A Technical View over S&P 500

For example, the S&P 500 shows good volatility, however, the index is in a sideways trend, oscillating around the 50- and the 100-day EMAs on our weekly chart. From around the beginning of September, the price is struggling to stay above the 4200 area, emphasizing the importance of that zone.

If, eventually, the bulls are able to surpass that obstacle, this might clear the path towards the 4300 territory, marked near the highest point of August 2022. That territory is also near the 61.8% retracement on the Fibonacci, drawn from the highest point of January to the lowest point of October of 2022.

The question is, could it continue going higher after that? Yes, it could. Although the Fed is trying to keep the market from accelerating rapidly over the medium-term and to bring inflation back to 2% area, the market might continue adjusting and pushing slowly higher, ignoring Fed’s gradual 25 bps hikes. Certainly, this could continue hurting small-to-medium enterprises, as not all of them would be able to withstand the rise in borrowing costs. So, later down the line, further upside in indices might be subdued, or worse, the direction may shift to the downside.

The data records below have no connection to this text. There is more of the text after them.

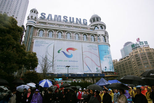 3月27日上午,“志愿世博 文明上!敝袊(guó)2010年上海世博會(huì)志愿者標(biāo)志、口號(hào)、歌曲發(fā)布儀式暨迎世博、講文明、樹新風(fēng)“三五”志愿服務(wù)集中大行動(dòng)在上海市五卅紀(jì)念廣場(chǎng)隆重舉行。中共中央政治局委員、中共上海市委書記、上海市世博會(huì)籌辦工作領(lǐng)導(dǎo)小組組長(zhǎng)俞正聲出席儀式并揭曉上海世博會(huì)志愿者標(biāo)志。上海市市長(zhǎng)、上海市世博會(huì)籌辦工作領(lǐng)導(dǎo)小組副組長(zhǎng)韓正、上海市人大常委會(huì)主任劉云耕、上海市政協(xié)主席馮國(guó)勤、市委副書記殷一璀等出席儀式。
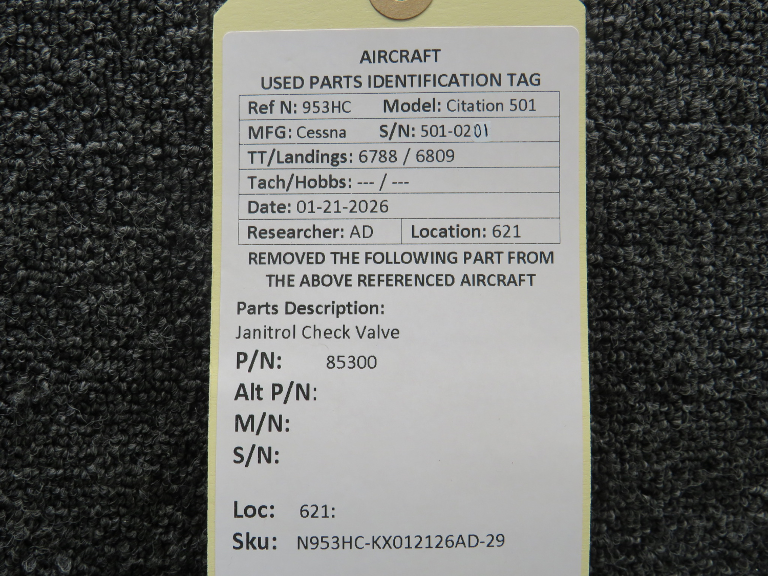 - N953HC-KX012126AD-29JL - Has traceability
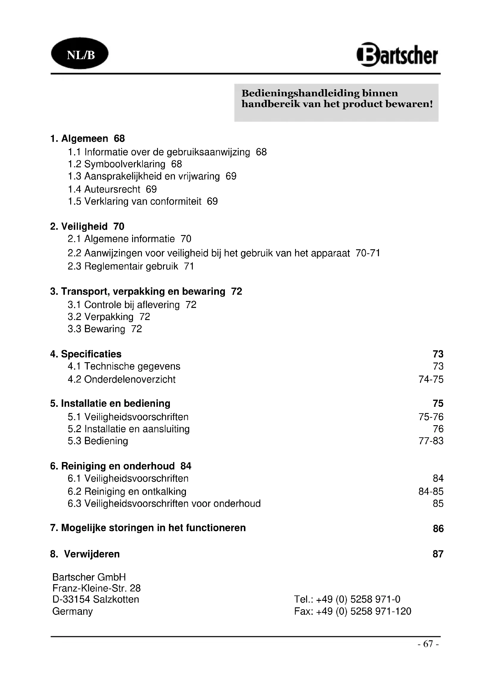 6.1 Veiligheidsvoorschriften 84

In terms of the downside on the S&P 500, we would only target lower areas if the index would drop and stay somewhere below the 4000 mark. But even then, we would initially target the 3800 zone and the 200-day EMA on our weekly chart.

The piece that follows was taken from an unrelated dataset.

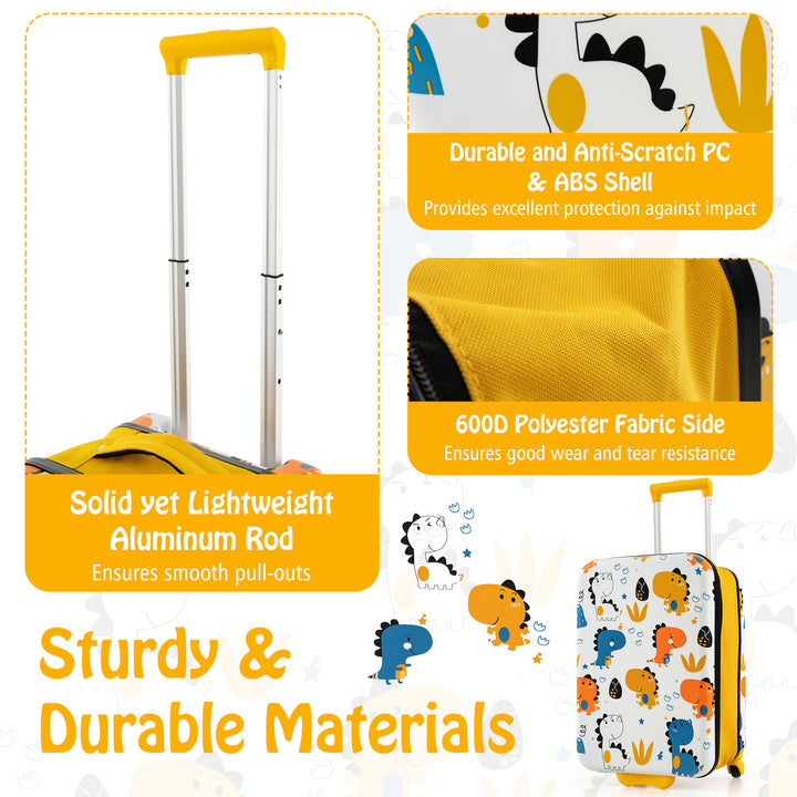 Cute Appearance and Wide Application: Featuring adorable strawberry or dinosaur patterns, this carry-on suitcase adds a touch of playfulness to your child's travel experience. Suitable for various outdoor activities such as train rides, airplane trips, picnics, school, sleepovers, and more, this luggage is certified by ASTM and CPSIA for safety and quality.

The real feast for the bears could start if the S&P 500 continues to slide and falls below the area around the 3500 level, which is near the lowest point of 2022. If that happens, this might open the door for a move towards the 3200 territory, or even the psychological 3000 mark.

A Technical Overview of DAX 40

In Europe, the German DAX 40 is currently near the psychological 16000 zone. This is just a few hundred points away from the all-time high area, reached in the beginning of November 2021, near the 16300 territory. If that area continues to hold and acts as a strong resistance, the bears might take advantage of the higher price and bring the German index down.

Certainly, from the technical perspective, some might start seeing a double top formation, however, we would still be far from getting comfortable with that idea, as the so-called “neckline” could be the long-term tentative upside support line drawn from the lowest point of October 2020. But before it could potentially go all the way there, DAX 40 would have to overcome some key support hurdles first.

A drop below a medium-term tentative upside support line taken from the lowest point of December 2022, could attract more sellers into the game, possibly clearing the path towards the psychological 15000 and 14000 levels. Near the latter, we have the 200-day EMA on our weekly chart, which may provide a temporary hold-up.

Conclusion

In summary, despite the current negativity floating around in the news headlines, the equity market continues to show resilience and grind higher. To shift our attention to some lower areas, we need a catalyst that might trigger a sell-off.

One of the catalysts could be a more aggressive approach on rate hikes from the major central banks. A geopolitical factor may also play its role, but, unfortunately, it is even less predictable than a central bank decision. So, for now, we continue to focus on the interest rates and inflation numbers.